Bathurst Free Press and Mining Journal (NSW)
Date: October 1, 1889
Page Number: 3
The following letter appears in Saturday's Daily Telegraph :
Sir, In report in Tuesday's issue of certain local proceedings in re the bankruptcy of G. F. Sala, the supposed finder of the marble or, more correctly speaking, stalamite man, your correspondent says "the result will be calculated not a little to discourage Dr. M'Carthy and other scientists whose faith in the reality of the supposed curio has been unbounded." Speaking for myself, I can say that, far from being shaken in my opinion , I am more convinced of its absolute correctness ; and I am sure I can answer equally for others, including leading Melbourne geologists, sculptors and other scientific men, a letter from one of whom, viz.. Dr. Halford, professor of histology and physiology and physiological anatomy of the University of Melbourne, I have lately read with much interest. This conclusion of your correspondent is arrived at because of evidence, given to the effect that the figure was carved out at Cow Flat. But, in this statement there is nothing new. We are simply treated in the evidence to a rehash of the original police report, which has long since been everywhere, spoken of as an official blunder, upon which no reasonable conclusion could be based. I have already shown on indisputable, grounds, that it is a wild absurdity to suppose that, even an imitation of this figure could be carved out, with or without a model, in the time stated, at Cow Flat or anywhere else. The individual who now states in evidence that he saw it, made at Cow Flat, says it first, looked "like the figure of a woman." but, when next, he saw it "It looked like a man." His statement, nevertheless, of Sala's effort to 'plant' it in a well may be perfectly reliable, for I have little doubt this stalagmite-fossil was at Cow Flat, but have equally little doubt it was imported there. I had suspicions from the beginning that it was an imported article and they are now more than verified. What, I wonder, will be thought by intelligent people of police evidence and doings in court on reading the following letter from Signor Besomo, an ltalian resident, addressed to me :
"155 Elizabeth-street, Sydney, September 26, 1889. Dr. M'Carthy.
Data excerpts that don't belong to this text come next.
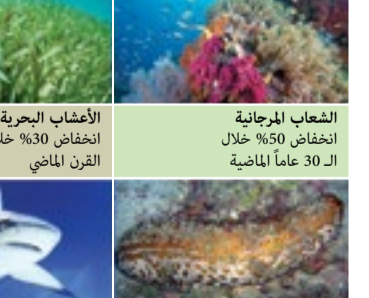
المرجع: Deep Blue World Living Blue Planet Report by World Wildlife Fund

وتوجد في الكاميرا شرائح استشعار تقوم باستكشاف درجة اهتمام صاحبه بما يراه، وقد تمت برمجة الاهتمام أو الحساسية لتكون موزعة على درجات من 1 إلى 100، حيث إنها تبدأ التصوير بمجرد أن يبلغ الإهتمام أو عمالقة التكنولوجيا اختراع أجهزة تتواصل مباشرة مع دماغ الإنسان وتقراً ما يدور فيه من أفكار، حيث سبق أن ابتكرت شركة يابانية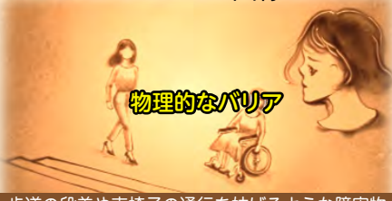
歩道の段差や車椅子の通行を妨げるような障害物

安城市では、あらゆる立場や状態にある人が相互に理解を深め支え合う心のバリアフリーを推進するため、「とうじしゃグループ」の協力のもと、啓発動画を制作しました。ぜひ、ご覧ください。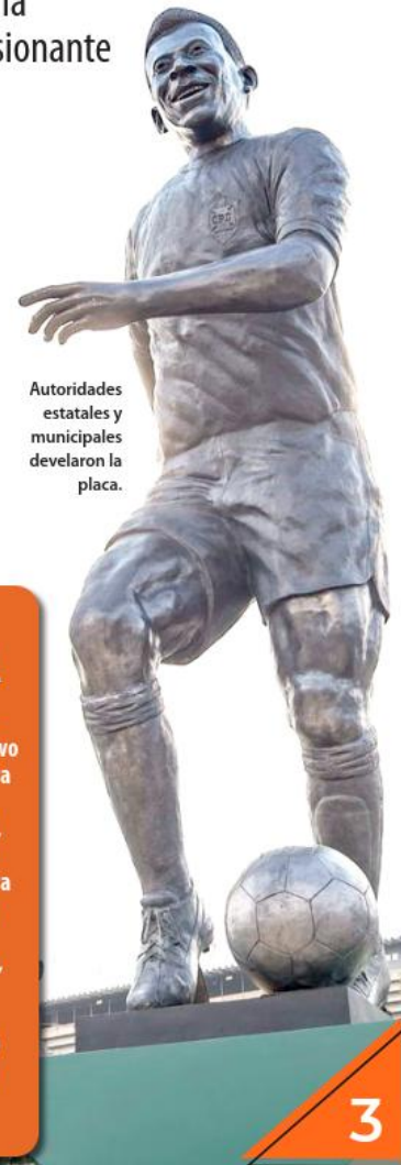
Autoridades estatales y municipales develaron la placa.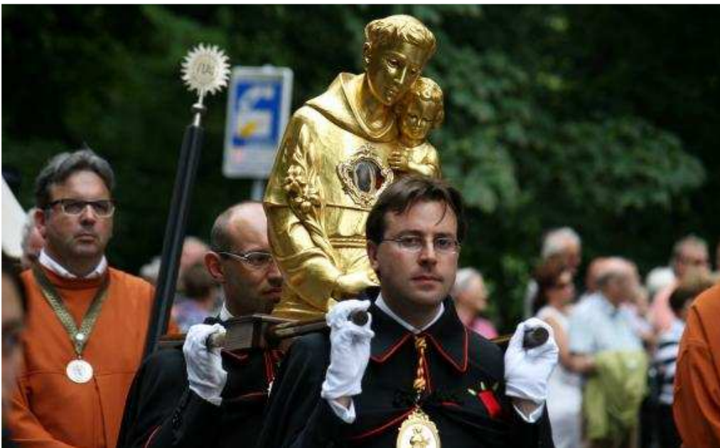
Italiaanse en Nederlandse leden van de aartsbroederschap van Sint Antonius van Padua.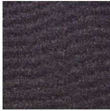
4251-08 KATMANDOU - AUBERGINE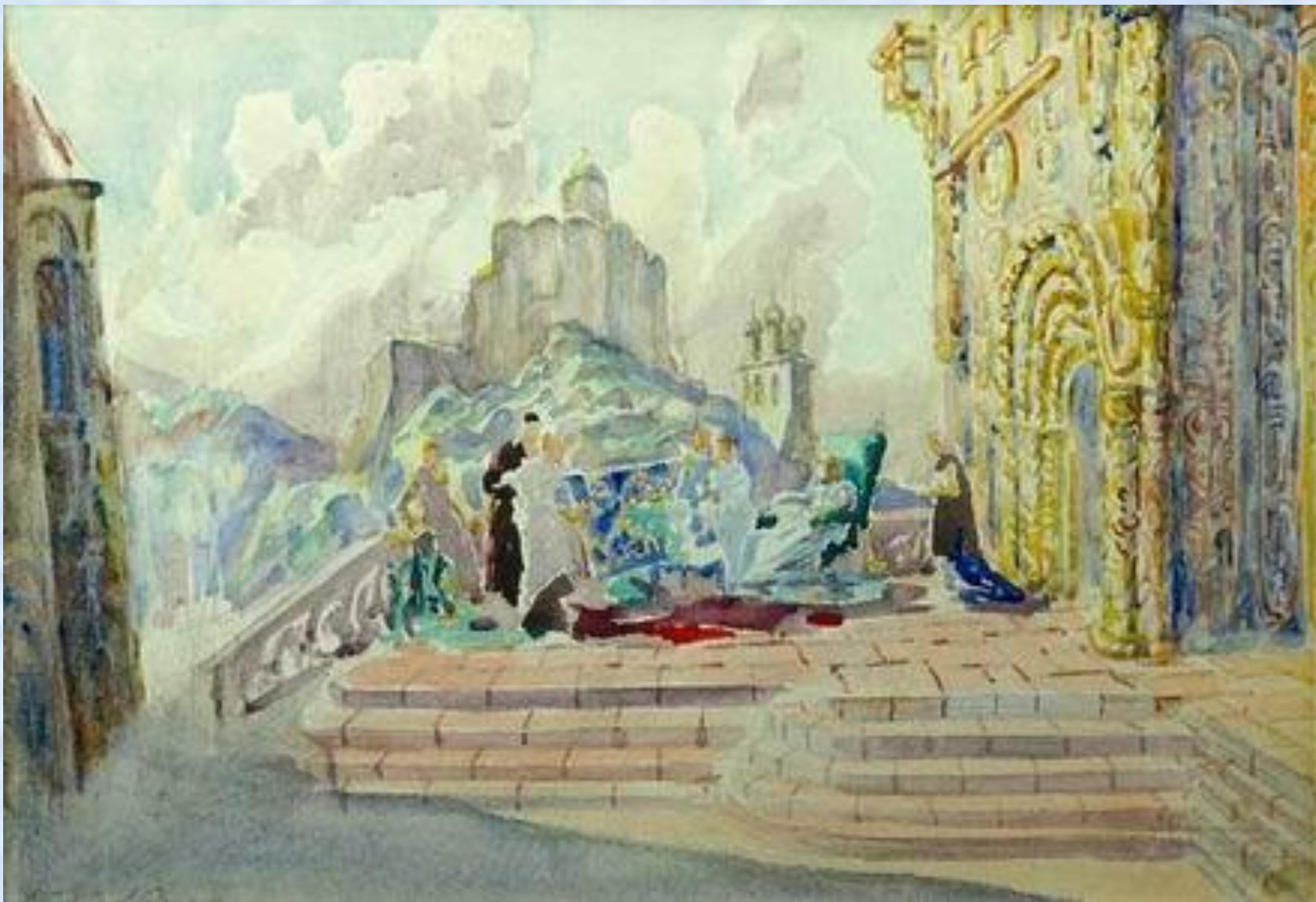
П.П. Соколов-Скаля. Эскиз декораций к опере "Князь Игорь»

"Sir, Having noticed in the Daily Telegraph that great, efforts are made to prove that the marble man is a work of art, for your information I desire to state what I know about, it. Mr. Sala lodged with my family for several weeks, during which time I did most if not all his correspondence, and by what I could gain from his conversation I have every reason to believe that the marble man was in his brain long before he went to Cow Flat. Those that would have the people of New South Wales to believe that the marble man was sculptured at Cow Flat by Mr. Sala must be great Hats themselves, or that it was found in a marble quarry at Orange. I am pretty well certain of the contrary, for the correspondence I did for him points to an opposite direction ; but I have reason to believe with you that the marble man was a fossil. Some time ago I went to the trouble to turn up my correspondence re three cases marked F.G.S., containing a marble man, woman and child. The correspondence was first addressed to Naples some agent there then to Liverno, then to New York, then to San Francisco, and lastly to Honolulu. They were all shipping agents ; and in every instance the correspondence had reference to the above three cases marked F.G.S., and the contained marble statues which came from Naples. Long before anything was known of the marble man Mr. Sala used to say that the doctors and scientists would disagree about something which he was going to do, and as it turned out to be correct I must say that I feel convinced that the marble man has not been sculptured at Cow Flat.
Yours. &c.. P. BESOMO."
If Mr. Besomo's statement be true (and every word bear the stamp of truth), then I ask what if on such police reports and court, proceedings some more vital issue were depending ? Turning to our fossil ! As it was not chiselled out at Cow Flat nor discovered in New South Wales, it would be interesting to get its history. But it would possibly require the genius of a Rider Haggard to throw light on this part of the subject Mr. Sala evidently knows no more about its original discovery than he did of its value or the process of chiselling it out. It has probably changed hands over and over. For my part, at the onset of this controversy (which is now ended as far as I am concerned), I stated that I cared not one iota whether it, hailed from Caleula, Cow Flat or California. Putting aside all prejudice. I judged the specimen only, subjecting it to the usual scienfific tests, in none of which found it was wanting ; strove by every means in my power for the public verification of those tests, and gave stern facts and adduced abundant, arguments, none of which, has ever been controverted, and which, indeed, from a geological, anatomical, chemical and sculptural point of view were final and unanswerable. May I here repeat that in carrying this controversy through as perhaps few would have ???. I have had no interest to stimulate ??? than the love of science and truth.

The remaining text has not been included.